I have a dataframe in Python, listing a bunch of tweets with their id, created time and the tweet id each one has interacted with. e.g. 006
to 004
, 002
quoted 999
(999
is an old tweet, not listed here). The table is sorted based on the created time.
+----------+---------------------+-------------+--------------+-----------+
| tweet_id | created_at | reply_to_id | retweeted_id | quoted_id |
+----------+---------------------+-------------+--------------+-----------+
| 001 | 2020-02-24 15:51:17 | nan | 000 | nan |
| 002 | 2020-02-24 15:52:17 | nan | nan | nan |
| 003 | 2020-02-24 15:53:17 | nan | nan | 999 |
| 004 | 2020-02-24 15:54:17 | 001 | nan | nan |
| 005 | 2020-02-24 15:55:17 | nan | nan | nan |
| 006 | 2020-02-24 15:56:17 | nan | 004 | 003 |
| 007 | 2020-02-24 15:57:17 | nan | nan | 003 |
| 008 | 2020-02-24 15:58:17 | nan | nan | 006 |
| 009 | 2020-02-24 15:59:17 | 006 | nan | nan |
| 010 | 2020-02-24 16:00:17 | nan | 008 | nan |
+----------+---------------------+-------------+--------------+-----------+
I am trying to write a function to find the interaction history of a single tweet. e.g. 010
retweeted 008
, 008
quoted 006
, 006
retweeted 004
and also quoted 003
, 004
replied to 001
, 003
quoted 999
. I would like this function to return a list of tweets that traces back 010
's history.
In other words, I would like:
input: '010'
output: ['008', '006', '004', '003', '001', '999']
code to generate this toy dataframe:
df = pd.DataFrame(np.array(
[['001','2020-02-24 15:51:17',np.nan,'000',np.nan],
['002','2020-02-24 15:52:17',np.nan,np.nan,np.nan],
['003','2020-02-24 15:53:17',np.nan,np.nan,'999'],
['004','2020-02-24 15:54:17',np.nan,np.nan,np.nan],
['005','2020-02-24 15:55:17',np.nan,np.nan,np.nan],
['006','2020-02-24 15:56:17',np.nan,'004',np.nan],
['007','2020-02-24 15:57:17',np.nan,np.nan,'003'],
['008','2020-02-24 15:58:17',np.nan,np.nan,'006'],
['009','2020-02-24 15:59:17','006',np.nan,np.nan],
['010','2020-02-24 16:00:17',np.nan,'008',np.nan]]),
columns = ['tweet_id', 'created_at', 'reply_to_id', 'retweeted_id', 'quoted_id'])

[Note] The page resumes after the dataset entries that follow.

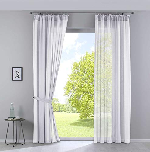 Linder Rideaux Voilage d'intérieur prêt-à-Poser Transparent élégant pour Fenêtre Polyester Lin Blanc Finition Galon Fronceur Dimensions 240 x 215 cm idéal Salon Chambre Cuisine
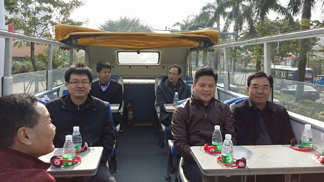 12月25日早上10時10分,市旅游局局長邵建(右二),市國企工委書記鄒敦華(右一)、副書記黃峭云(左一)等一行在集團公司董事長、黨委書記呂俊杰陪同下來到城軌江門站調研公汽公司雙層旅游觀光巴士運營情況,并登上觀光巴士親身體驗。(江門公汽)
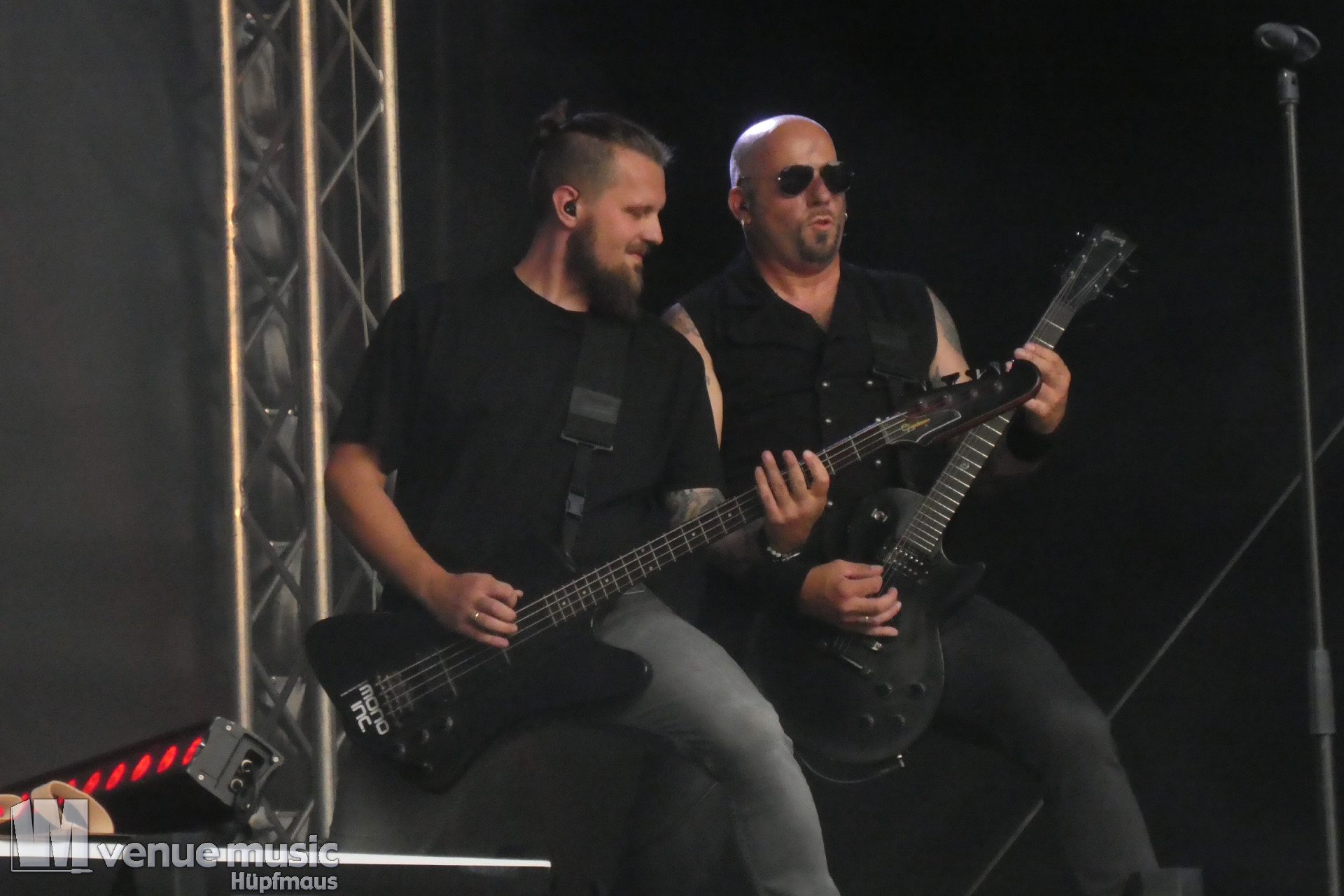 Das ging aber so weit, dass Martin dann sagte, dass er es zwar eigentlich viel geiler findet, wenn alle aufstehen und mitmachen und hüpfen und tanzen – auch wenn man das auf der Stelle tun muss – doch wenn der Preis sei, dass er nicht in unsere Gesichter blicken könne, dann mögen wir doch ruhig lieber sitzen bleiben. (Sorry Martin – kann ich nicht, ich war die Hüpfmaus in der ersten Reihe, von mir haste aber meist eh Haare gesehen beim Headbangen ;) ) Und sagte dann auch dem Security, der darauf aufpassen musste, dass jeder der steht sich auch alles befolgt, dass er sich auch setzen könne, die Band hätte alles im Griff ;)
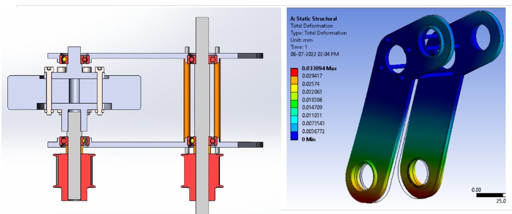The suspension system, constrained by extension springs was simulated in SOLIDWORKS motion, to ensure the suspension geometry traverses standard obstacles according to Hospital codes (Steps, railing, etc.). The simulation videos below compare the UGV without suspension (LEFT) to those with suspension (RIGHT). A screw-based pre-load assembly was implemented to adjust the extension spring pre-load based on the payload on the UGV.

I guess it might involve some recursive search? I could only handle when there is only one type of interaction (if tweets can only reply to each other. Not sure how to handle when 006
interacted with 2 tweets and it kind of creates two branches. Hope to get some help from you guys!